Christine Lagarde, the governor of the ECB, made important statements on Monday, where she spoke about the progress made in combating high inflation in the eurozone. Speaking to the Financial Times, Lagarde confirmed that the European Central Bank is close to declaring victory in its battle against inflation, noting that the eurozone is close to reaching its sustainable inflation target of 2%. These statements came to confirm the continuation of efforts to reduce inflation to normal levels after years of disturbing increases.
Continued challenges in the services sector
Despite the remarkable progress, some challenges remain in some sectors. Lagarde stressed the need for caution regarding inflation in the services sector, as it is still hovering around the 4% level. Some components of core inflation show clear downward movements, but more work is needed to ensure these trends remain sustainable. At the same time, she emphasized that inflation in the services sector is a factor that requires careful monitoring, as it could affect price stability in the region. Service prices make up a large portion of the total basket of goods and services used to calculate inflation. Therefore, any increase in service prices can lead to continued pressure on the economy. Wage increases can also be part of this problem, as they can lead to wage inflation if not properly controlled.
Implications of global trade and the US economy
On the global level, Lagarde also addressed the negative effects that trade disputes may have. She stressed that retaliation against trade could be harmful to the global economy as a whole. Trade disputes between countries can lead to slower economic growth, higher prices, and create instability in financial markets. This can have negative effects on businesses and consumers alike.

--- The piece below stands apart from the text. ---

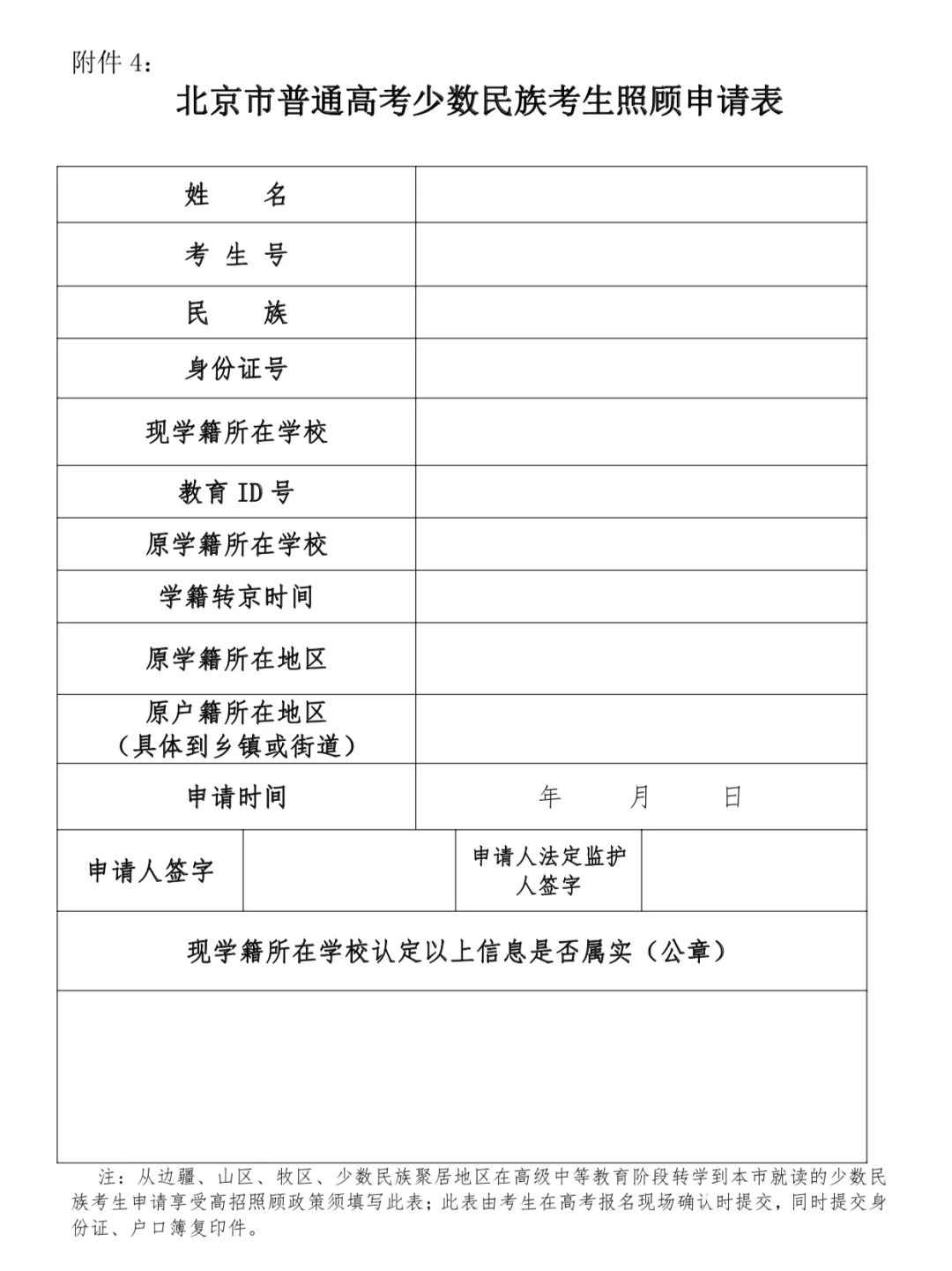 6.从边疆、山区、牧区、少数民族聚居地区在高级中等教育阶段转学到本市就读的少数民族考生须在高考报名现场确认时填写申请表(附件4)并提交身份证、户口簿复印件,由市教委等相关委办局和考试院共同核准。

Challenges related to wages and purchasing power
Lagarde also raised an important point regarding the purchasing power of citizens in the euro area. She stressed that there is a prevailing impression among people that their disposable income is not enough to keep up with the continuous rise in prices. She added that rising prices and wages together could have a negative impact on purchasing power. In this context, she stressed that the European Central Bank continues to monitor wage developments closely, as rising wages without taking into account increased productivity could pose an additional challenge in the fight against inflation.
Higher wages without a parallel increase in productivity could lead to new inflationary pressures, as higher wages are offset by higher prices.
Fear of a return to negative interest rates
One of the prominent topics in Lagarde’s statements was the negative interest rate policy that the European Central Bank previously implemented. Lagarde said that the bank hopes that monetary policy will not return to the stage of negative interest rates. During the period when the negative interest rate policy was in place, European banks aimed to stimulate the economy by encouraging investment and facilitating borrowing. However, these policies have raised a lot of controversy regarding their negative effects on the financial system and investors.
While stimulus policies are beneficial in difficult times, negative interest rates can also hurt the returns of savers and investors, which can lead to a decrease in confidence in the European economy in general. Therefore, Lagarde hopes to avoid returning to this system, focusing on maintaining a delicate balance between raising interest rates and promoting economic stability.
Continuing on this topic, Lagarde spoke about the effects of these economic policies on the US economy. She said that the negative effects may also be evident in the US economy.
Future expectations for monetary policies
In the context of future expectations, Lagarde noted that the European Central Bank will continue to carefully monitor economic developments. Its decisions will remain mainly linked to inflation and unemployment levels, in addition to the effects of international financial policies. Next year, the European Central Bank is expected to make significant changes to its monetary policy, either raising or lowering interest rates, depending on the economic situation in the Eurozone.
It is important for major countries, including the European Union and the United States, to seek to resolve trade disputes through negotiations rather than continuous escalation. Trade disputes could lead to a decline in US economic performance, especially in light of the increasing tensions in global trade.
The European economy may witness a shift in the coming period, as the focus increases on achieving long-term and sustainable stability. Future policies of the European Central Bank also focus on stimulating growth without sacrificing financial stability, which requires a careful strategy to avoid high inflation in the future. Next year is expected to witness significant changes in the monetary policy of the European Central Bank, whether in raising or lowering interest rates, based on the economic situation in the Eurozone.
It is clear that the Eurozone is heading towards a period of financial and monetary stability after years of economic pressures resulting from high inflation. However, some challenges remain, such as service sector inflation and high wages, which require careful monitoring. At the same time, the European Central Bank hopes to avoid a return to negative interest rates, which have had complex economic effects.
Based on these factors, the coming period will require the European Central Bank to make decisive monetary decisions to continue to stabilize and stimulate growth, in a challenging economic environment.